GOAL OF THE EXERCISE – With the pictures omitted, print exactly the lines below, from the one containing "Hillman 1/4 in." through the one containing "I think creating", and nothing else.

*** Opening of RECORDS TO USE ***

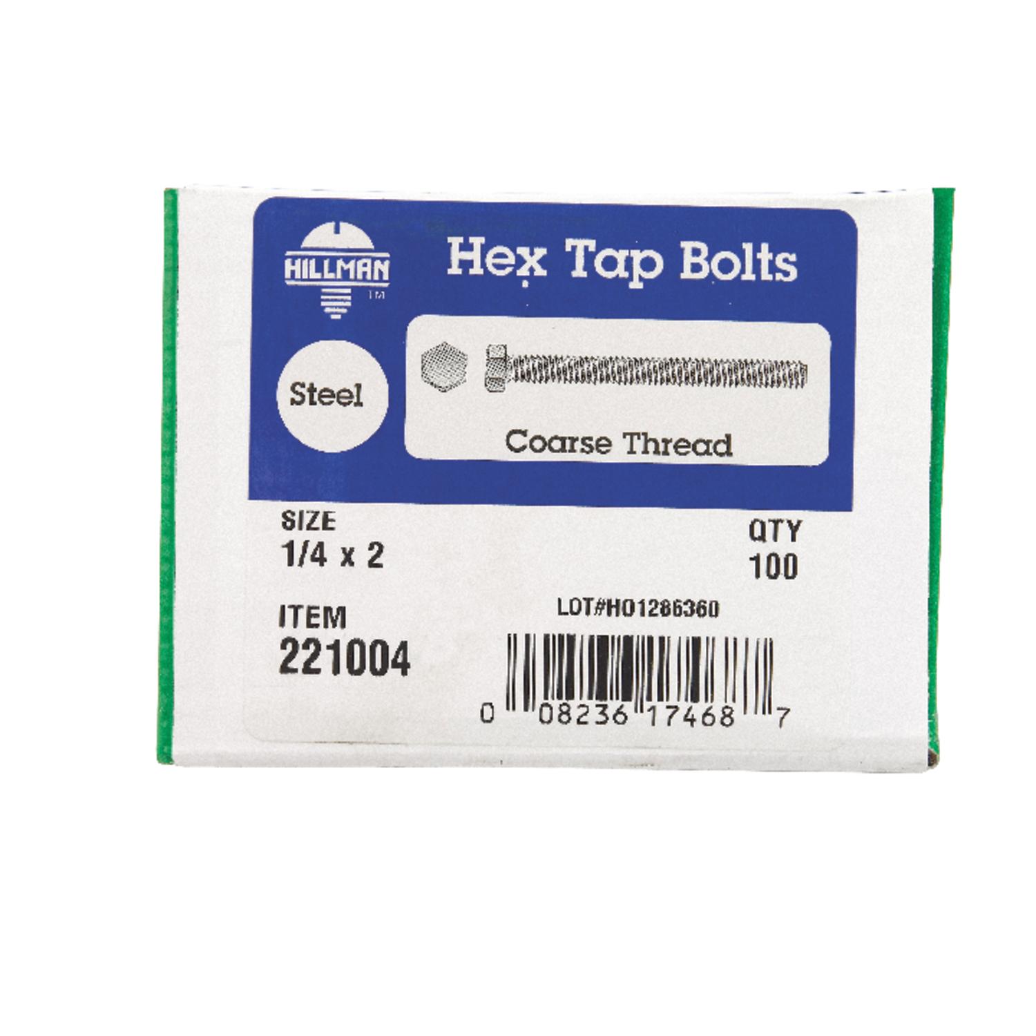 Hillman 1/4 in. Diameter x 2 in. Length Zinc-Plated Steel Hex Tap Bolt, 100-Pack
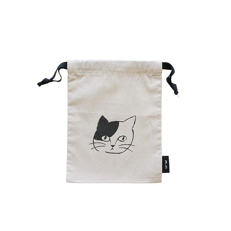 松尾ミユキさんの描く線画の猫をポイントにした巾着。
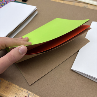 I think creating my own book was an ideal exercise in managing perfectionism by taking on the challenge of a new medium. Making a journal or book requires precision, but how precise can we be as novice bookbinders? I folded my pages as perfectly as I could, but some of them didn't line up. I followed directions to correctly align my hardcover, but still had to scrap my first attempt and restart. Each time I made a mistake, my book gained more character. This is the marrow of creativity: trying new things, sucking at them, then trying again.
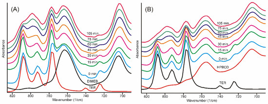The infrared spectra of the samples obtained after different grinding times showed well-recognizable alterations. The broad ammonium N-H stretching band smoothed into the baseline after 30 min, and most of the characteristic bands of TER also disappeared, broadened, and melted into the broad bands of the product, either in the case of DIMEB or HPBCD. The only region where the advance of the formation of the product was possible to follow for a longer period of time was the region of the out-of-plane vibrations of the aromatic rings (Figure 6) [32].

*** Close of RECORDS TO USE ***
*** Opening of RECORDS TO USE ***

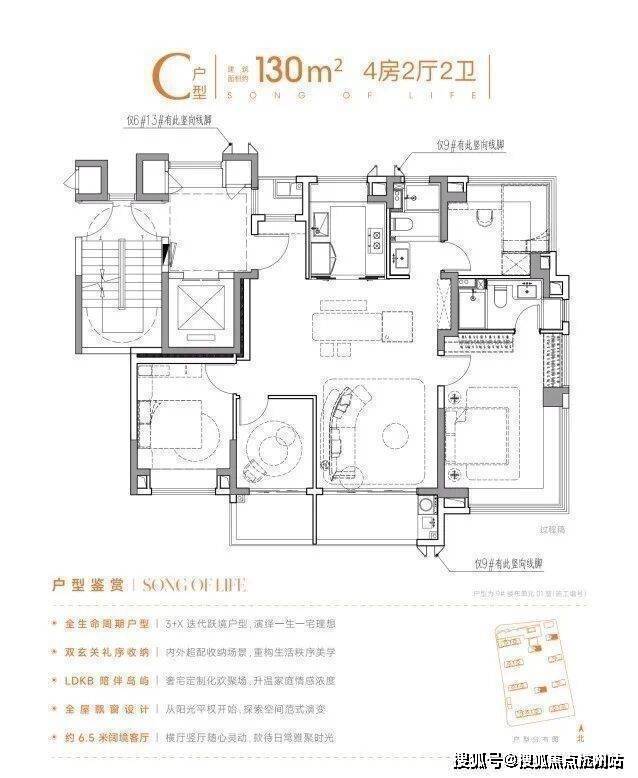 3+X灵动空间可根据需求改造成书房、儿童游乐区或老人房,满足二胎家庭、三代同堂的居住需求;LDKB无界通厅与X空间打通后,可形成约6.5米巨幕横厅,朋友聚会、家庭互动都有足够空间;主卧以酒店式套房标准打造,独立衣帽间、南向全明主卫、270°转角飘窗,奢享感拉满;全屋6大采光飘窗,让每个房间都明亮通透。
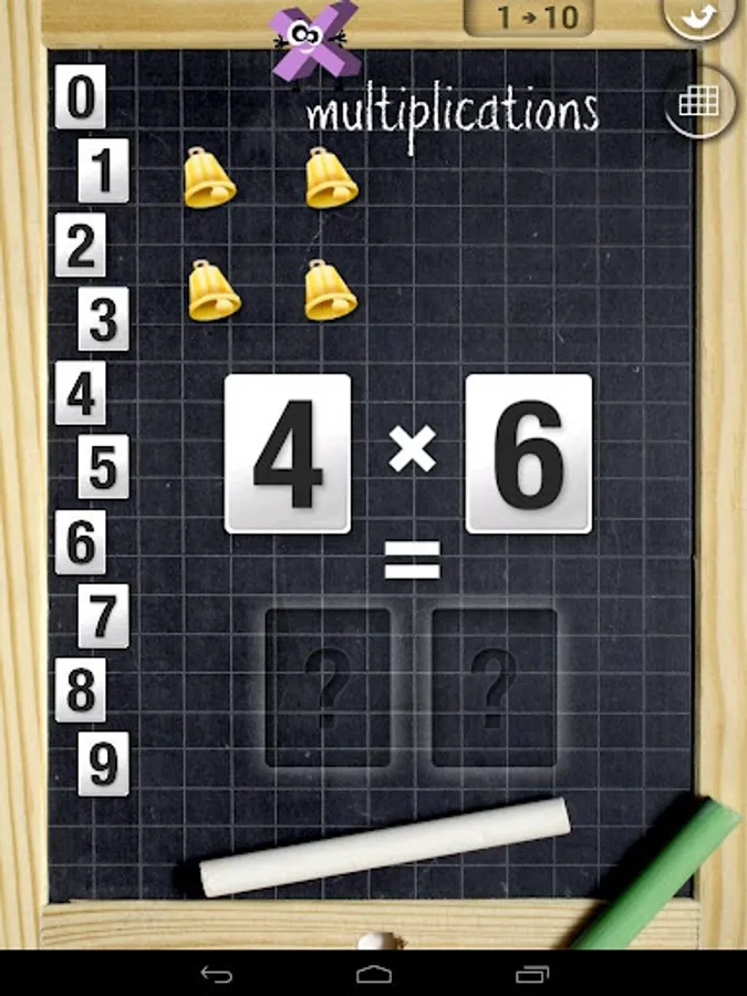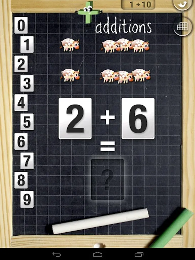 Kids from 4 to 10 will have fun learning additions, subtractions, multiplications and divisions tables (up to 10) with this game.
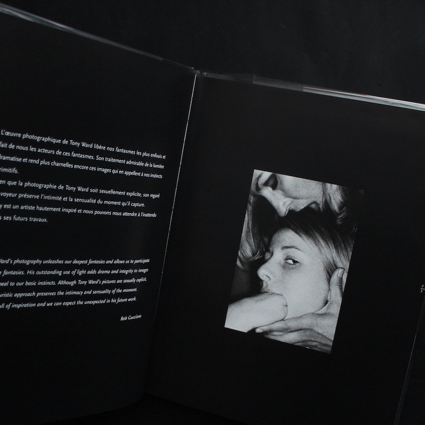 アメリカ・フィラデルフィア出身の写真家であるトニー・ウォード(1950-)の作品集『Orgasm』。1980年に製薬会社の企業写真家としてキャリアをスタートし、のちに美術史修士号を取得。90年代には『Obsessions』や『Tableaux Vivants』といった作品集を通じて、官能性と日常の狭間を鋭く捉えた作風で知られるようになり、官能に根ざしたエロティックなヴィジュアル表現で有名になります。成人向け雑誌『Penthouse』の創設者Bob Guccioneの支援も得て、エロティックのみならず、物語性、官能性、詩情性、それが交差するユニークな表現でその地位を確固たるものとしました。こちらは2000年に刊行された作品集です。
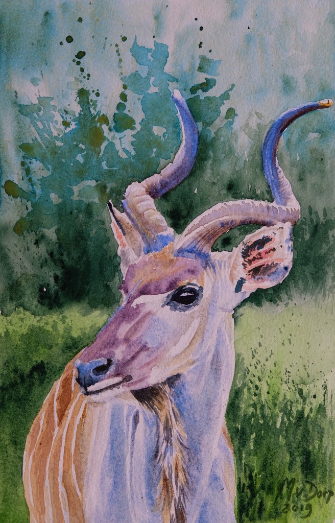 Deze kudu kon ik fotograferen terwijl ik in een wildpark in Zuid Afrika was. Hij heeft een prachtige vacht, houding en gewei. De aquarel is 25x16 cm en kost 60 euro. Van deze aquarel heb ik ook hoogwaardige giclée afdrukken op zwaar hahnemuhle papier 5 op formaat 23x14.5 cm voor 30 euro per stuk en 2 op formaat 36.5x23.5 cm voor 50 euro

*** Close of RECORDS TO USE ***

OUTPUT BELOW –
 Hillman 1/4 in. Diameter x 2 in. Length Zinc-Plated Steel Hex Tap Bolt, 100-Pack
 松尾ミユキさんの描く線画の猫をポイントにした巾着。
 I think creating my own book was an ideal exercise in managing perfectionism by taking on the challenge of a new medium. Making a journal or book requires precision, but how precise can we be as novice bookbinders? I folded my pages as perfectly as I could, but some of them didn't line up. I followed directions to correctly align my hardcover, but still had to scrap my first attempt and restart. Each time I made a mistake, my book gained more character. This is the marrow of creativity: trying new things, sucking at them, then trying again.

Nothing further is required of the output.